Dearest,
I use caret + vtreat + a couple of models.
The funny thing is that the MAE calculated on the train data set (and I am using cross validation) is in my case way better than (around 15-18) than on the test data set (where it shoots up to 30).
Is anybody else experiencing this?
Cheers
Hey Larry, I was also experiencing the same problem. However, my MAE is really bad. Do you mind sharing with me your ways of building the model? Thanks a lot!
What way you use for cross-validation?
I used just sklearn’s TimeSeriesSplit and have similar problem (e.g. XGBRegressor with basic features gives ~25 error on CV,~28 on LB, and XGBRegressor with huber loss gives ~20on CV and ~28 on LB).
But I found next things:
- we have data from two cities (and this cities have different total_cases distributions)
- for each city we have data for different time range
So “baseline” TimeSeriesSplit splits data next way (just a sample):
[sj, time1], [sj, time2], [sj, iq, time3], [sj, iq, time4], [iq, time5]
As you can see we build models just (or at least - most) for individual sj/iq on some splits.
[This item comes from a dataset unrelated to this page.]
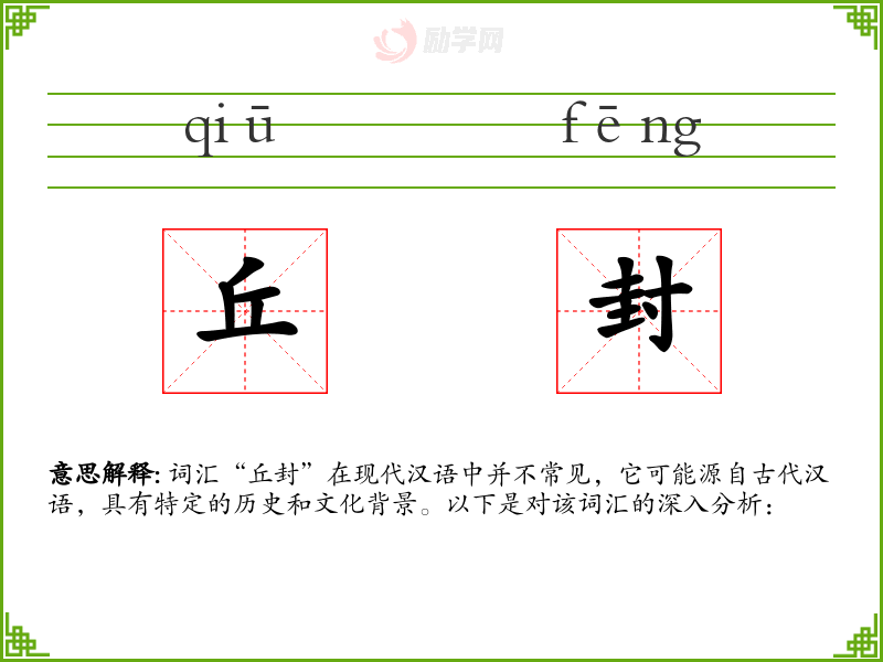 “丘封”作为一个历史词汇,虽然在现代汉语中不常用,但它承载了丰富的历史文化信息。了解这样的词汇有助于我们更好地理解古代社会和文化,对于语言学*和历史研究都具有重要意义。
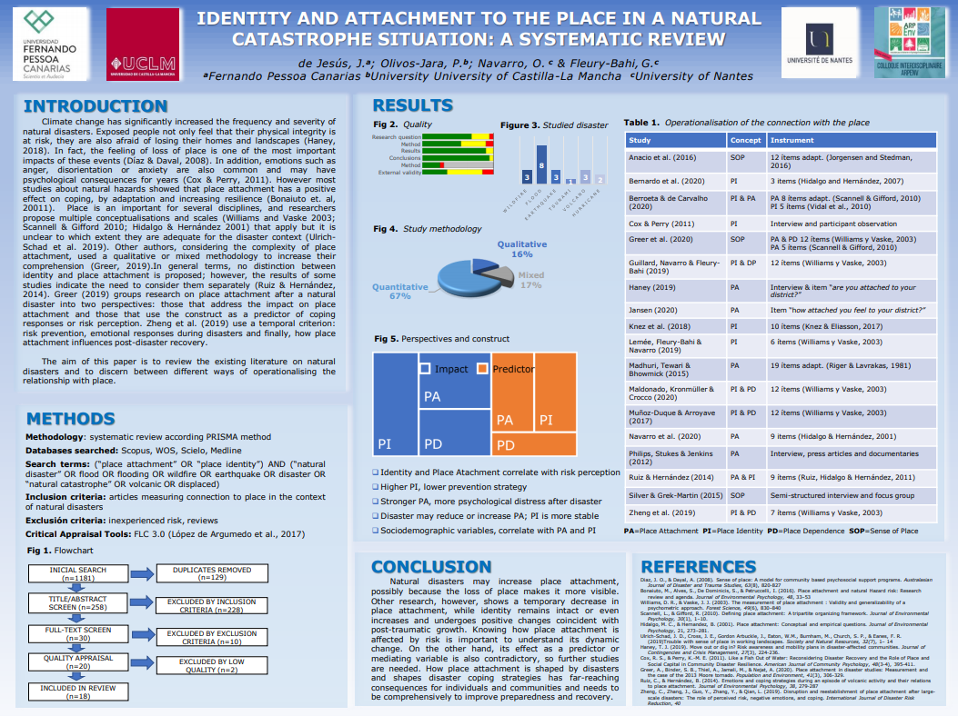"Identity and attachment to the place in a natural catastrophe situation: a systematic review". (7ème Colloque Interdisciplinaire ARPEnv: Défis environnementaux d'aujourd'hui et de demain : mieux comprendre pour mieux accompagner le changement, 2021)

So on some splits we approximate distribution only for one city - but on test we need to approximate both cities distributions.
So I’ll try use next “algorythm” for cross-validation:
- split dataset by city
- on each part run TimeSeriesSplit.
- for each split pair:
– concatenate train/validation indices to train/validate model on both cities
– train/validate model
And mine algorythm splits data next way:
[[sj, sjTime1], [iq, iqTime1]], [[sj, sjTime2], [iq, iqTime2]], [[sj, sjTime3], [iq, iqTime3]]
At least it don’t give such better result with huber loss on CV.
UPD. it was a error in mine cross-validation.